Task. Across the whole listing, return each line exactly, with no images included.

*** Stored data Section Begins ***

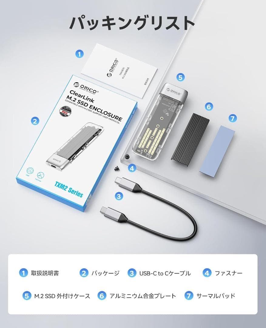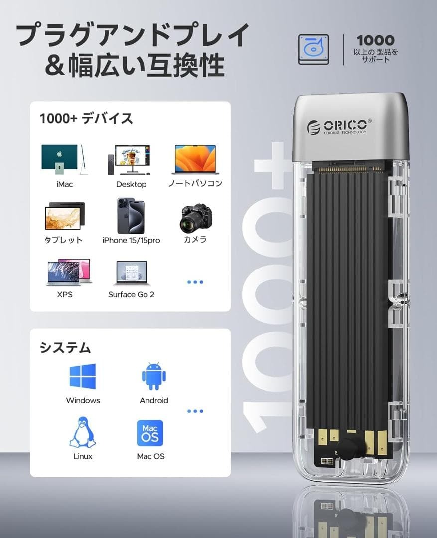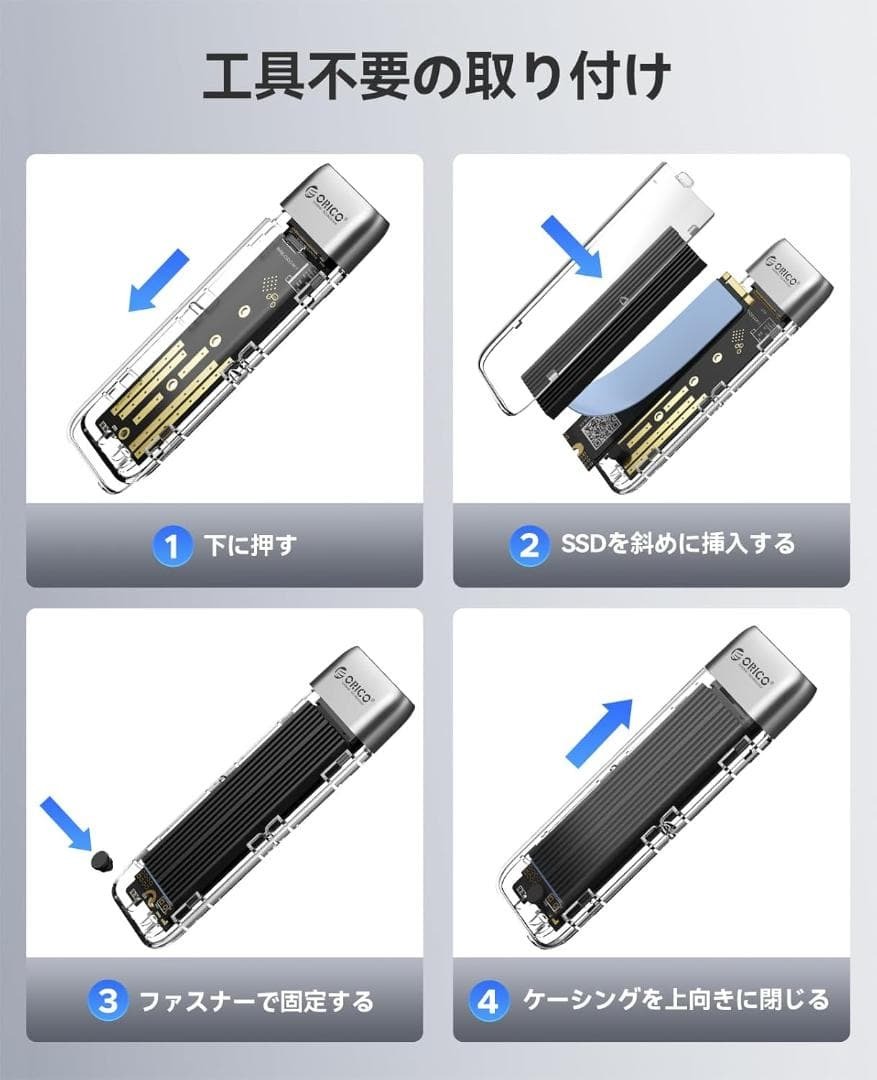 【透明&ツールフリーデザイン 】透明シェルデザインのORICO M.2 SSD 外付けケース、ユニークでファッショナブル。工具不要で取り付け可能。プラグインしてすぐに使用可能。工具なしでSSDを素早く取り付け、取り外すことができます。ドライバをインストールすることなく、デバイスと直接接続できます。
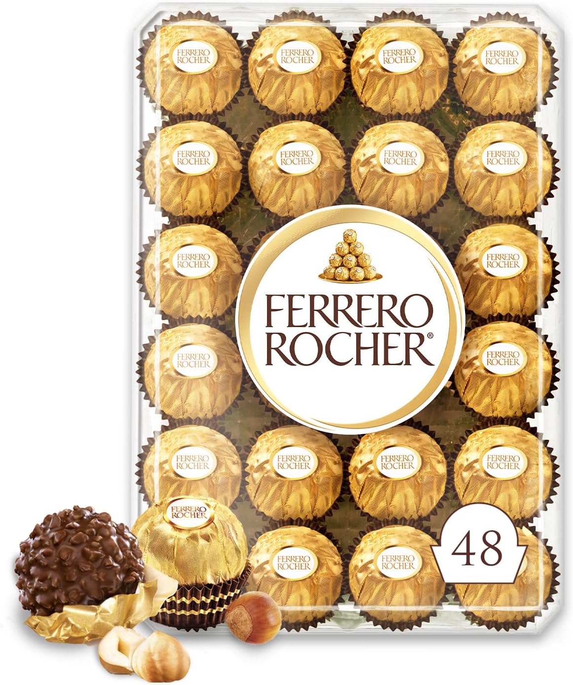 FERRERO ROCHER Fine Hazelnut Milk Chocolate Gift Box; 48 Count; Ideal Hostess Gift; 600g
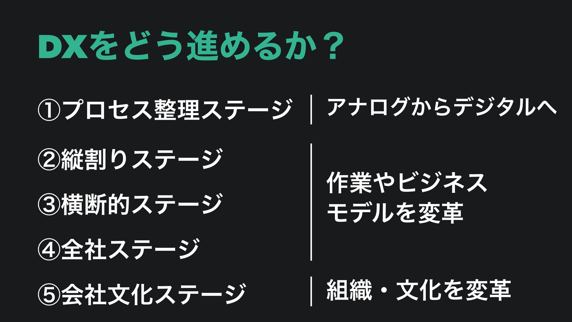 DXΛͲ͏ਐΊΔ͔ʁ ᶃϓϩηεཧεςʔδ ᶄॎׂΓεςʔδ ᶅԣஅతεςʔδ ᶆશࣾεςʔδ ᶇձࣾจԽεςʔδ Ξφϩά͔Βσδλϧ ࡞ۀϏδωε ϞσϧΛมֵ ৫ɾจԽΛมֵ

*** Stored data Section Ends ***

Written answer.
 【透明&ツールフリーデザイン 】透明シェルデザインのORICO M.2 SSD 外付けケース、ユニークでファッショナブル。工具不要で取り付け可能。プラグインしてすぐに使用可能。工具なしでSSDを素早く取り付け、取り外すことができます。ドライバをインストールすることなく、デバイスと直接接続できます。
 FERRERO ROCHER Fine Hazelnut Milk Chocolate Gift Box; 48 Count; Ideal Hostess Gift; 600g
 DXΛͲ͏ਐΊΔ͔ʁ ᶃϓϩηεཧεςʔδ ᶄॎׂΓεςʔδ ᶅԣஅతεςʔδ ᶆશࣾεςʔδ ᶇձࣾจԽεςʔδ Ξφϩά͔Βσδλϧ ࡞ۀϏδωε ϞσϧΛมֵ ৫ɾจԽΛมֵ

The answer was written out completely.